Let’s cut to the chase: this lawsuit is not about protecting consumers; it’s about the government wanting the power to pick winners and losers in the market. Guess who wants to be the government’s chosen winner? Microsoft.
Despite being the second largest corporation in the world and nearly twice the size of Google, Microsoft has tried for years to make Bing the preferred search engine among consumers. However, it has continuously failed to surpass Google’s superior product. That’s not because Google has some alleged “magical” influence over the market; it’s due largely to Microsoft making bad business decisions, like shutting down its investment in mobile and even considering selling off Bing just a couple of years ago to Apple.
Rather than trying harder and innovating more to win in the marketplace or the court of public opinion, Microsoft is trying to use the government to make up for its own mistakes by putting down superior products in court. And that’s dangerous.

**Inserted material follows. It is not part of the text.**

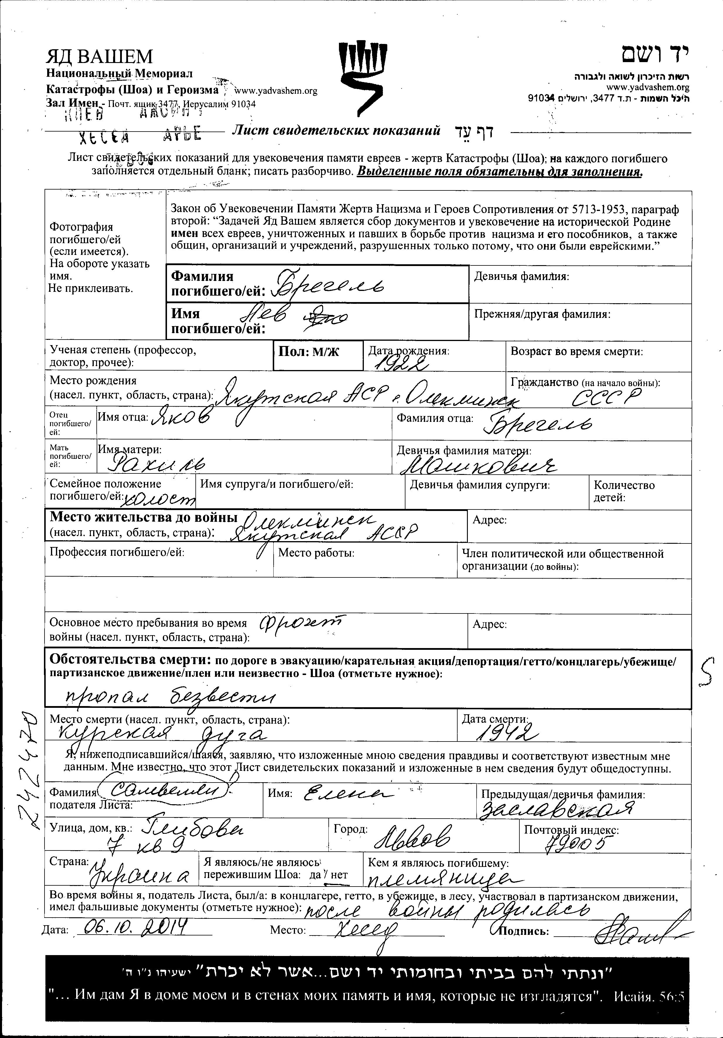 Lev wurde in der Schoah ermordet. Todesort: Kurskaya Duga, Russland (UdSSR) im Jahr 1942.

President Joe Biden’s antitrust enforcers are attempting to abandon the consumer welfare standard, which has been the cornerstone of American antitrust law, because it limits them to focusing on the facts of the market rather than their personal beliefs and opinions.

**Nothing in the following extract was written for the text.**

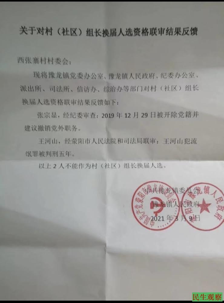 据悉,2021年西张寨村换届选举,村委会只有陈培豪一名党员当选;监委会无一名党员当选;小组长选举除了一名越战老兵党员当选外,村民没有把选票投给其他党员;村民代表选举就更牛了,其他党员一个也没有当选。

The consumer welfare standard is simple but powerful: Does a business practice demonstrably harm consumers? If it does, action is warranted. If not, then no matter how much a competitor like Microsoft complains, there’s not a case. It’s an objective, fact-based evaluation that prevents the government from becoming a market puppeteer—a role which regulators are not equipped to play.
By contrast, the harm to competition model is a slippery slope to crony capitalism. Legally implementing this approach could allow companies to lobby their way to the top and use the power of the government to take down rivals. Microsoft, a company that ironically found itself in the antitrust hot seat in 1998 over Internet Explorer, seems all too happy to push the U.S. toward this subjective, European-style model. Why? They can’t make a better product, so they’d rather see Google and other potential competitors kneecapped by regulation.
Here’s the punchline: We, American consumers, are the ones who will suffer. This lawsuit against Google, if successful, won’t give us better options; it will force inferior ones upon us. Imagine being stuck with Bing’s search results when you’re used to Google’s efficiency and accuracy. This case risks turning the digital marketplace into a Soviet-style bazaar where you get what you’re given, not what you choose.
The lawsuit could also set a dangerous precedent that shifts the focus of antitrust law from consumer welfare to corporate interests. If the U.S. abandons the consumer welfare standard, we’re not just changing legal jargon; we’re taking away consumers’ market influence and power in favor of cronyism—changing the very ethos of American capitalism.
It’s time to stand up for what works. The consumer welfare standard has guided U.S. antitrust law for a good reason—it puts our choices first. Let’s not let special interests rewrite antitrust laws so that they win and consumers lose.